The last topic I want to talk about was "Charity." In the article called "Handling Criticism in Our Callings" there was a quote by Elder Marvin J. Ashton that says "perhaps the greatest charity comes when we are kind to each other, when we don't judge or categorize someone else, when we simply give each other the benefit of the doubt or remain quiet. Charity is accepting someone's differences, weaknesses, and shortcomings; having patience with someone who has let us down; or resisting the impulse to become offended when someone doesn't handle something the way we might have hoped. Charity is refusing to take advantage of another's weakness and being willing to forgive someone who has hurt us. Charity is expecting the best of each other." I love that, I thought that it was so clear and simple, and I also realized while typing that, that I'm not as charitable as I thought I was. I don't get offended very easily, I always assumes that people are not trying to hurt my feelings, but there's a lot that I need to do to become truly charitable. For instance, a lot of those examples speaks to my ex husband and some difficult feelings I've had recently.

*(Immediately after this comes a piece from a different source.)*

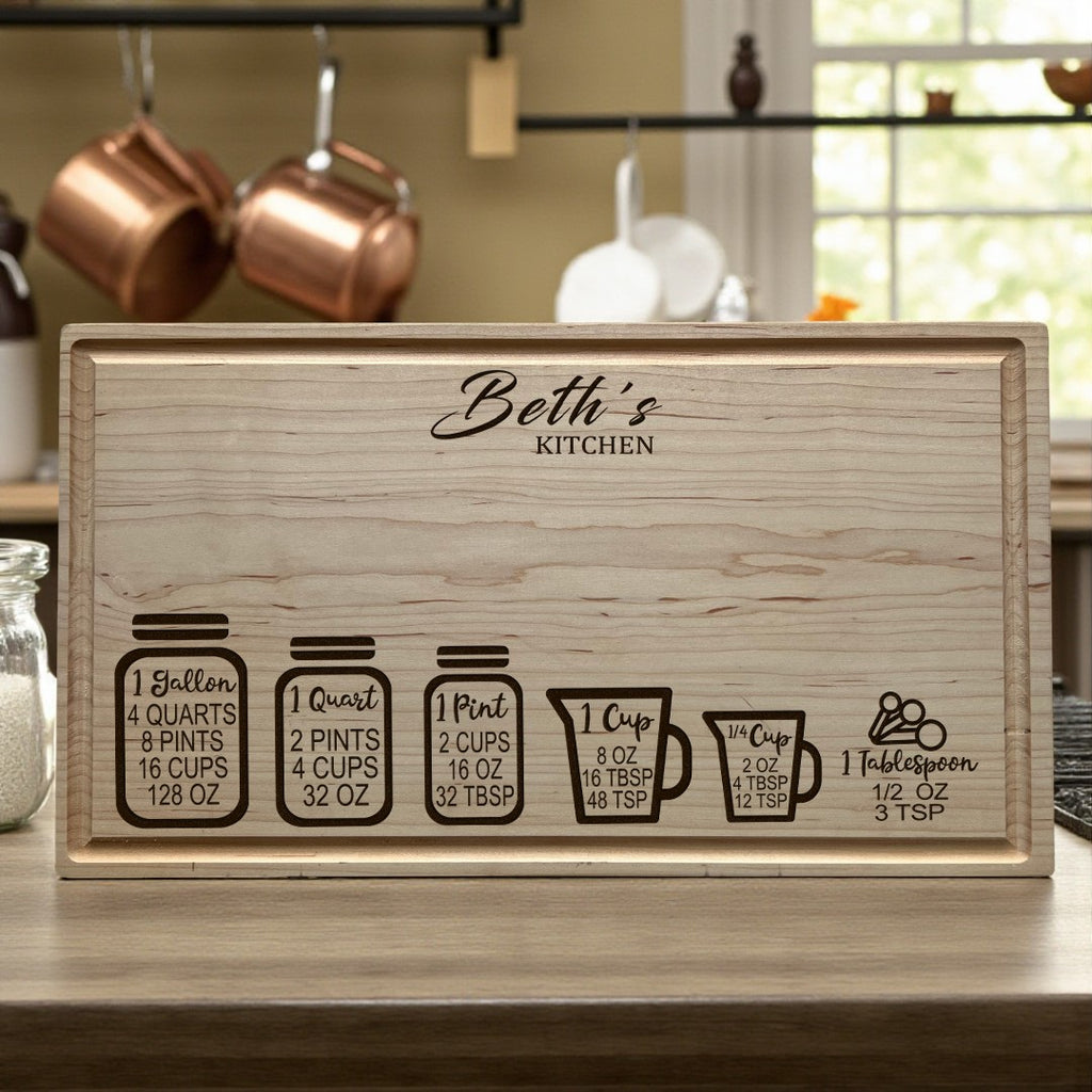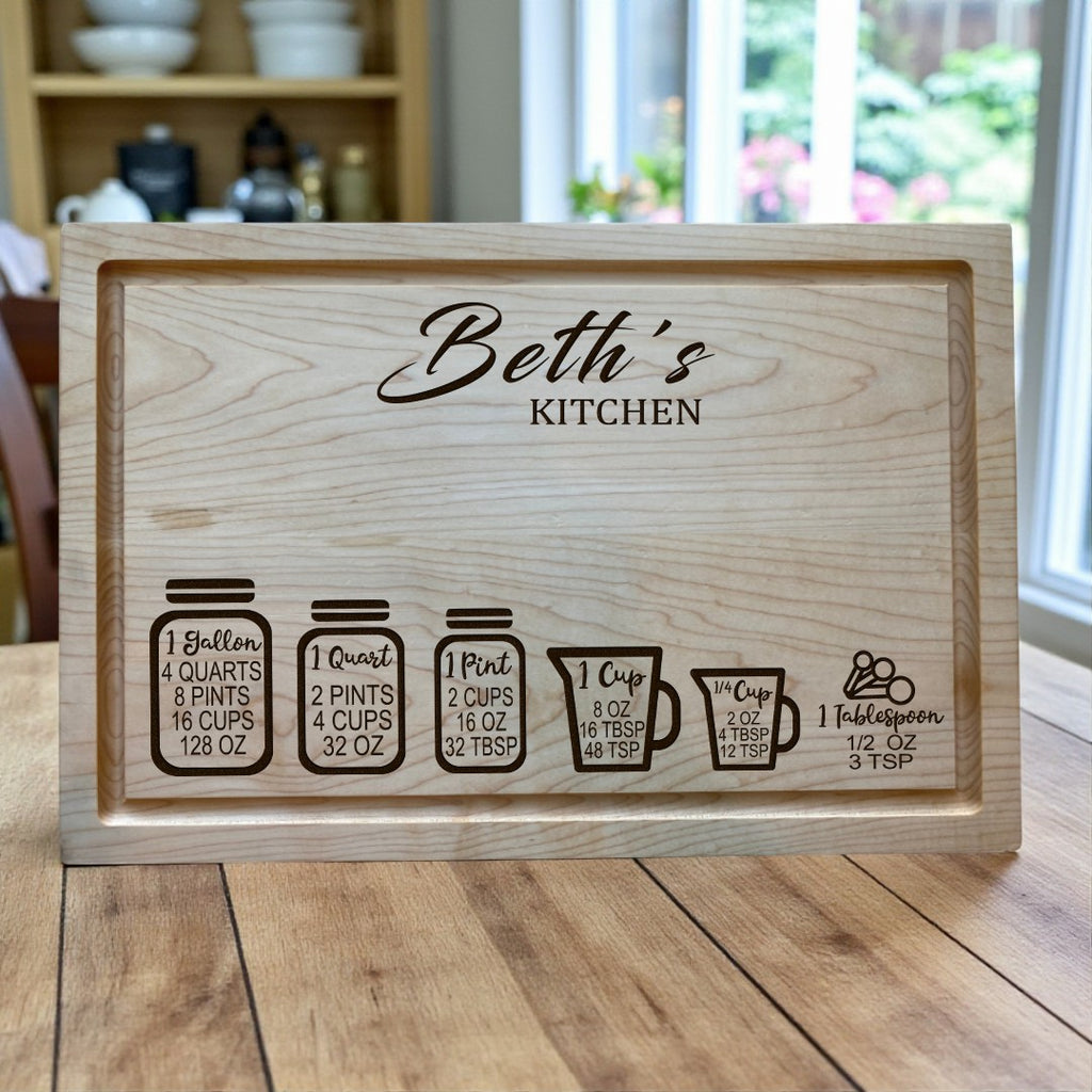 This Kitchen Conversions Cutting Board is built of durable and solid wood construction and is meant to last long. The Kitchen Conversions Cutting Board is perfect for chopping meats, fruits and vegetables for example. The natural food-grade oil finish helps to seal the cutting board and protect it from harmful bacteria. Durable and sturdy, this Kitchen Conversions Cutting Board is an elegant and functional addition to your home for years to come.

Part of my wants to air all the dirty laundry and get sympathy, but my more grown up part will refrain from making him look bad and just secretly hold on to the irritation that I cause myself over him. I need to be patient and forgiving, and up until this point, I haven't been, I've been standoffish, irritable, and difficult. And I put it all under the guise of "protecting my children" but really I'm just trying to stick it to him and make sure that he feels like the jerk. And that's wrong and I need to work on that.